Experimental program
Comparison scheme
Effect test

Embodiment 1

[0081] Reagent composition (taking respiratory syncytial virus as an example)

[0082] (1) Primer

[0083] FP: AATTCTAATACGACTCACTATAGGGAGAAGGAAAGTCCTACAAAAAAATGC

[0084] RP: AATTCTAATACGACTCACTATAGGGAGAAGGATCTATCTCCTGCTGCTAAT 0.25ul each.
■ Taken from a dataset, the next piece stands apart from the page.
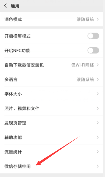 3、点击微信存储空间。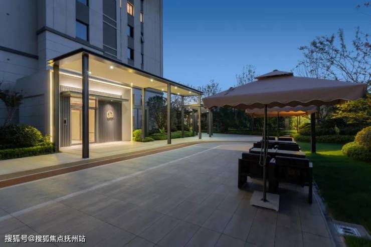 昭示性入口水景对称于中心台阶,结合涌泉叠级呈现,先声夺人强调入口仪式感,落客入口氛围在灯光涌泉的烘托下充分彰显。拾级而上,尊贵的归家之旅也由此展开。

[0085] (2) NASBA Amplification Reagent

[0086] BA (buffer): 2ul

[0087] DA:dNTP0.25ul

[0088] NA: NTP0.5ul

[0089] DMSO: 0.25ul

[0090] EM (enzyme mix): AMV, RNAseH, T7 RNA polymerase, BSA5.5ul

[0091] (3) NASBA product detection reagent

[0092] 1% agarose gel

Embodiment 2

[0093] Embodiment 2: NASBA detection process

[0094] (1) Amplification system: Add 1ul sample RNA template, 2ulBA, 0.25ulNA, 0.5ulDA, 0.25ulDMSO, 0.25ulFP, 0.25ulRP into a 0.2ml PCR amplification tube.

[0095] (2) Amplification process: Place the PCR amplification tube on the amplification instrument, heat it at 65° for 5 minutes, then cool it at 42° for 5 minutes; then add 5.5ulEM, and react at 42° for 60 minutes.

[0096] (3) Amplification product detection: Take 2ul of sample buffer and add it to the amplification product to terminate the reaction.

[0097] The amplified product was added to 1% agarose gel, and electrophoresis standard was added to one of the sample wells. After electrophoresis at 100V for 10 minutes, the presence or absence of the target band was observed in the electrophoresis imager.

Embodiment 3

[0098] Embodiment 3: comparative experiment

[0099] Adopt the contrast of respiratory syncytial virus NASBA kit of the present invention and one-step PCR method to dilute the secondary standard of respiratory syncytial virus into 10 2 、10 4 -10 10 copy / ul. Use the kit of the present invention and one-step PCR to detect simultaneously.

[0100] (1) NASBA kit sensitivity test

[0101] NASBA amplification and detection were performed according to Example 2.

[0102] From attached figure 2 It can be seen that the NASBA kit of the present invention can successfully detect 10 2 Copy the sample of / ul.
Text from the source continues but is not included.